4. What is a shebang in a shell script?
A shebang is a hash sign (#) followed by an exclamation point (!) and a string that represents the location of the program that will execute it. For example, the following shebang means the script should be run with Bourne Again Shell:
By adding a shebang, you can execute a shell script by calling the file without adding the location of the shell to the command.
5. How do you pass and access arguments in a shell script?
You can pass arguments to a shell script to the script by listing them after the name of the script, like this:
./my_script.sh arg1 arg2
Then you can access them in the script with a dollar sign and a number that indicates the argument’s location, like this:
$1 # =arg1 $2 # =arg2
6. What does
$# do in a shell script?
This is a global variable in a shell script that gives you the count of the arguments passed to it.

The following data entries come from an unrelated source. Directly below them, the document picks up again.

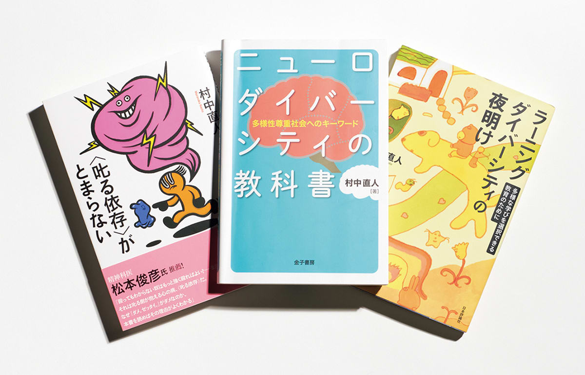 村中さんの代表的な著書。『〈叱る依存〉がとまらない』(紀伊國屋書店)、『ニューロダイバーシティの教科書 多様性尊重社会へのキーワード』(金子書房)、『ラーニングダイバーシティの夜明け 多様な学びを選択できる教育のために』(日本評論社)。
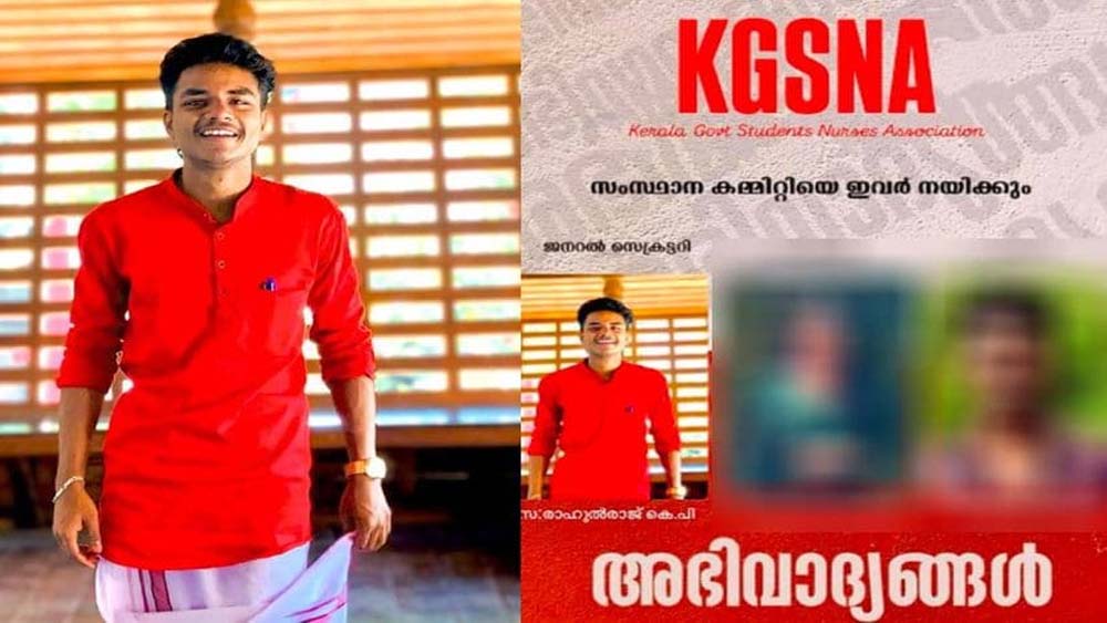 സംസ്ഥാന സെക്രട്ടറിയായിരുന്ന രാഹുല്രാജിനെ കഴിഞ്ഞ ഡിസംബറിലാണ് സംസ്ഥാന കമ്മിറ്റിയുടെ ജനറല് സെക്രട്ടറിയായി തെരഞ്ഞെടുത്തത്. ഇതിന്റെ പോസ്റ്റർ പ്രതി ഫേസ്ബുക്കിൽ പങ്കുവെച്ചിട്ടുണ്ട്. സംഘടനയുമായി ബന്ധപ്പെട്ട് നിരവധി പോസ്റ്റുകളും പോസ്റ്ററുകളും ഫേസ്ബുക്കിലുണ്ട്. നഴ്സിംഗ് വിദ്യാർത്ഥി സംഘടനയുടെ സംസ്ഥാന കലോത്സവത്തിൽ ലളിത ഗാനത്തിന് ഒന്നാം സമ്മാനം സ്വീകരിക്കുന്ന ചിത്രവും പ്രതിയുടെ പ്രൊഫൈലിൽ ഉണ്ട്.
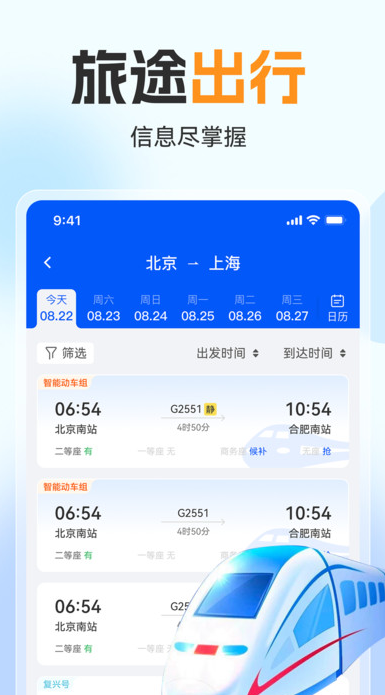 3、支持车次筛选功能,用户可根据出发时段、运行时长、车次类型等维度精准筛选。
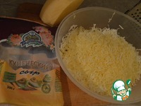 Натираем на терке сыр, я использовала в этом рецепте Купеческий. |
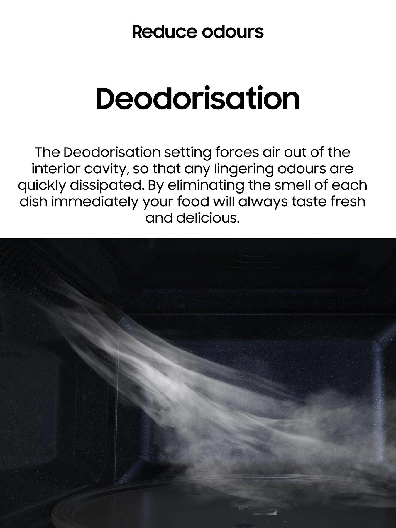 The Deodorisation setting forces air out of the interior cavity, so that any lingering odours are quickly dissipated. By eliminating the smell of each dish immediately your food will always taste fresh and delicious.
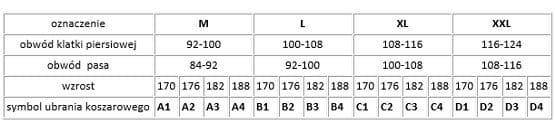 w przypadku konieczności zestawienia innego rozmiaru bluzy/kamizelki* i spodni, prosimy wybrać obok ceny rozmiar, który dotyczy bluzy/kamizelki*, a w uwagach do zamówienia dopisać rozmiar spodni z tabeli, np "spodnie B3". Zamówienie takie traktowane będzie jako niestandardowe, co może spowodować dłuższy czas oczekiwania.
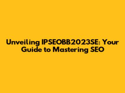 Unveiling IPSEOBB2023SE: Your Guide To Mastering SEO

7. How do you print to the terminal in a shell script?
You can print to the command line using echo.
echo "this will print"
You can also use tput, which gives you options to change the color of the text and add other text effects to the output.
8. How do you define a variable in a shell script?
To define a variable in a shell script, you use the equal sign, and to access the variable, you add a dollar sign to the name you gave the variable. It looks like this:
var = "my_variable" echo $var # prints my_variable
9. How do you print the output of a shell script to a file?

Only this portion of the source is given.